Accepted August 3, 2021
Preprint posted April 10, 2021
Received March 17, 2021

Go to the preprint

Decision letter

Redmond G O'Connell

Reviewing Editor; Trinity College Dublin, Ireland
Michael J Frank

Senior Editor; Brown University, United States
Redmond G O'Connell

Reviewer; Trinity College Dublin, Ireland

Our editorial process produces two outputs: i) public reviews designed to be posted alongside the preprint for the benefit of readers; ii) feedback on the manuscript for the authors, including requests for revisions, shown below.
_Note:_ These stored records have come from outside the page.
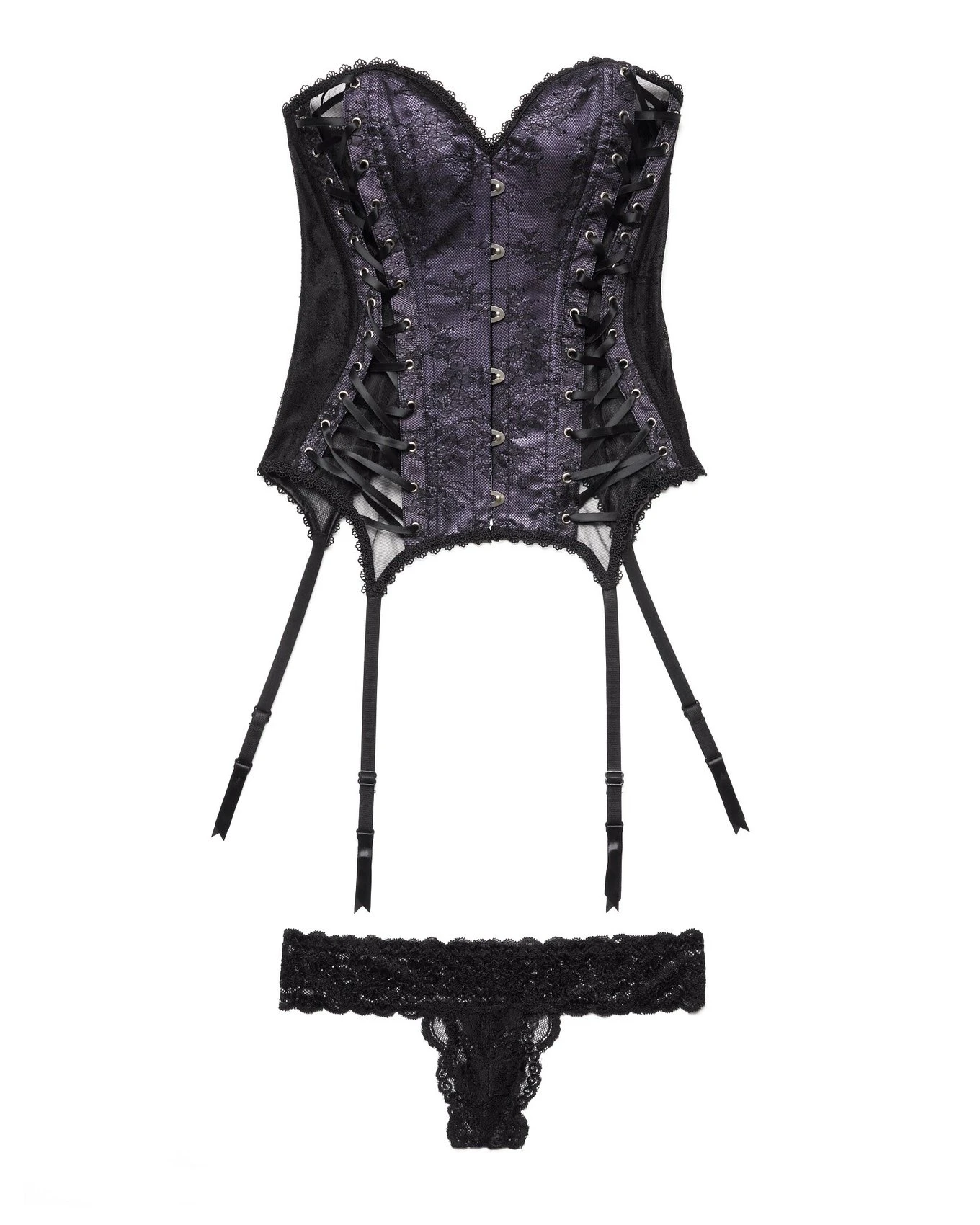 Busk front and lace-up back closures
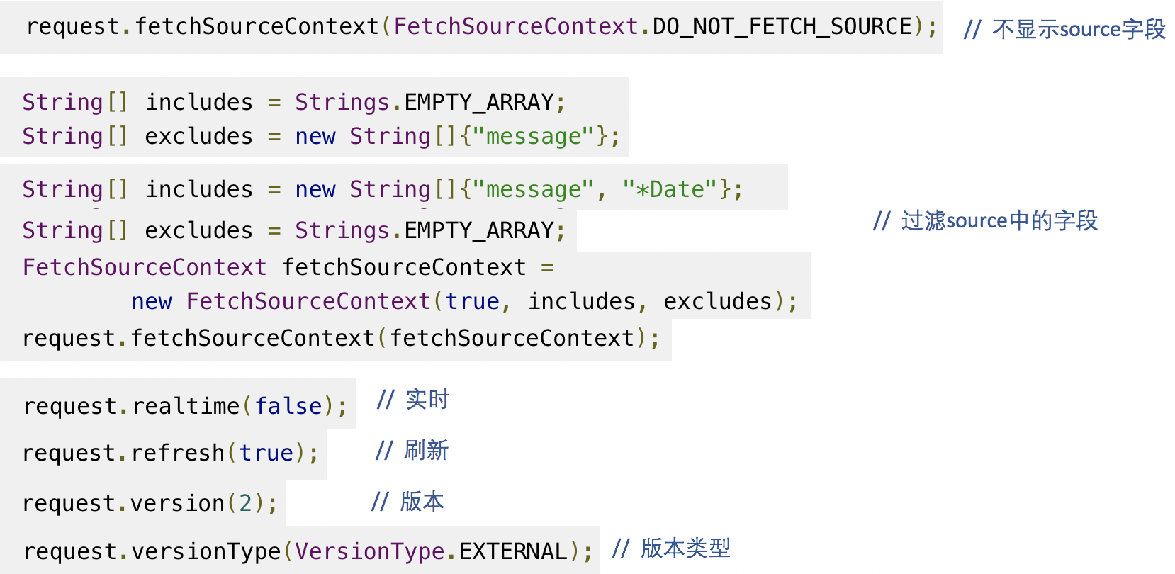 控制检索行为的大部分选项都可以在SearchSourceBuilder中设置。下面是一个常见选项的例子:
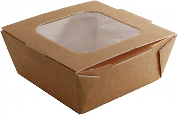Pojemnik papierowy kraft z okienkiem powlekany folią w środku, dzięki czemu tłuszcz z dań nie przecieka/ Wymiary opakowania 125/125/60. Pakowany w opakowaniu po 140 sztuk.
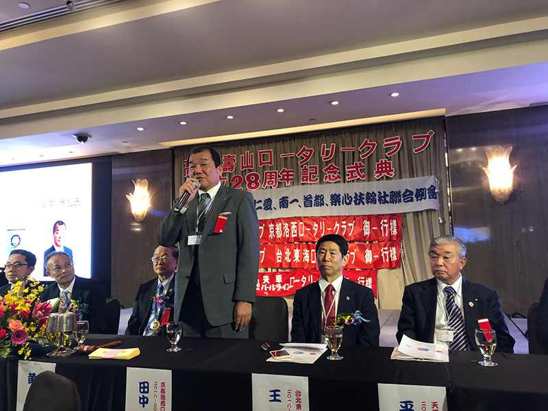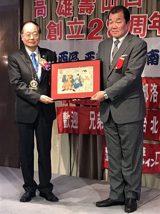 11月12~14日の3日間、当クラブ姉妹友好クラブの高雄壽山RC28周年記念式典に我がクラブより6名で参加してまいりました。到着した空港では壽山RCの皆様から手厚い歓迎を受けました。14日に行われた記念式典は台湾各地からもたくさんのRCの会長や地区ガバナーの方たちが参加され盛大に執り行われました。当クラブからは恒例となっている書籍の贈呈や記念品の交換等を行いました。また私たちと同じように周年記念式典に参加のために熊本県天草市より来られた天草パールラインRCの皆様ととも交流を深められ貴重な時間を過ごすことが出来ました。

We also include an acceptance summary that explains what the editors found interesting or important about the work.

Acceptance summary:

This paper is of interest to neuroscientists and psychologists working on perceptual decision-making and metacognition. Using a novel task varying the timing of covert decisions, together with sophisticated computational modelling, allowed identifying neural correlates of latent states related to confidence. The conclusions are in line with other papers identifying a dissociation between brain activity supporting performance and confidence, but provide a novel lens through which to understand these differences by focusing on confidence noise.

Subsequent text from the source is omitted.